NASA Releases List of Stunning Cosmic Targets for Webb Telescope’s First Images

NASA’s James Webb Space Telescope fully deployed its primary mirror into the same configuration it will have when in space during a deployment test in March of 2020. Credit: NASA/Chris Gunn

NASA’s James Webb Space Telescope will soon reveal unprecedented and detailed views of the universe, with the upcoming release of its first full-color images and spectroscopic data. For a hint at the incredible views, see the preview from Webb’s Fine Guidance Sensor.

Below is the list of cosmic objects that Webb targeted for these first observations, which will be released in NASA’s live broadcast beginning at 10:30 a.m. EDT (7:30 a.m. PDT) Tuesday, July 12. Each image will simultaneously be made available on social media as well as on the agency’s website. Webb is a partnership with ESA (European Space Agency) and CSA (Canadian Space Agency).

These targets listed below represent the first wave of full-color scientific images and spectra the observatory has gathered and the official beginning of Webb’s general science operations. They were selected by an international committee of representatives from NASA, ESA, CSA, and the Space Telescope Science Institute.

Hubble Space Telescope image of a turbulent cosmic pinnacle that lies within a tempestuous stellar nursery called the Carina Nebula, located 7600 light-years away in the southern constellation of Carina. One of Webb’s first released images will feature the Carina Nebula. Credit: NASA, ESA, M. Livio and the Hubble 20th Anniversary Team (STScI)

  • Carina Nebula. Located approximately 7,600 light-years away in the southern constellation Carina, the Carina Nebula is one of the largest and brightest nebulae in the sky. Nebulae are stellar nurseries where stars form. The Carina Nebula is home to many massive stars, several times larger than the Sun.
  • WASP-96 b (spectrum). WASP-96 b is a giant planet outside our solar system, composed mainly of gas. The exoplanet, located nearly 1,150 light-years from Earth, orbits its star every 3.4 days. It has about half the mass of Jupiter, and its discovery was announced in 2014.
  • Southern Ring Nebula. The Southern Ring, or “Eight-Burst” nebula, is a planetary nebula – an expanding cloud of gas, surrounding a dying star. It is located approximately 2,000 light-years away from Earth and is nearly half a light-year in diameter.

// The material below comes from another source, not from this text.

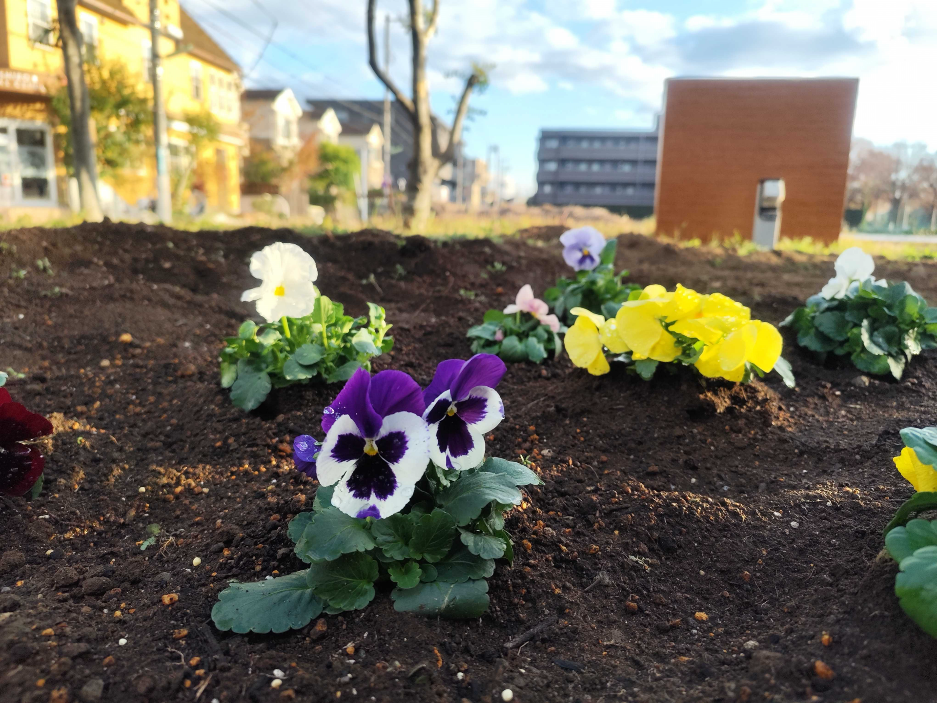 優っくり村鎌田の入口の花壇に、新しいお花の苗を植えました(*´▽`*)

Hubble Space Telescope image of galaxy group Stephan’s Quintet, which is located in the constellation Pegasus. How will Webb’s view compare? Credit: NASA, ESA, and the Hubble SM4 ERO Team

  • Stephan’s Quintet: About 290 million light-years away, Stephan’s Quintet is located in the constellation Pegasus. It is notable for being the first compact galaxy group ever discovered in 1877. Four of the five galaxies within the quintet are locked in a cosmic dance of repeated close encounters.
  • SMACS 0723: Massive foreground galaxy clusters magnify and distort the light of objects behind them, permitting a deep field view into both the extremely distant and intrinsically faint galaxy populations.

The release of these first images marks the official beginning of Webb’s science operations, which will continue to explore the mission’s key science themes. Teams have already applied through a competitive process for time to use the telescope, in what astronomers call its first “cycle,” or first year of observations.

For more about Webb’s status, visit the “Where Is Webb?” tracker.

The James Webb Space Telescope is the world’s premier space science observatory. Webb will solve mysteries in our solar system, look beyond to distant worlds around other stars, and probe the mysterious structures and origins of our universe and our place in it.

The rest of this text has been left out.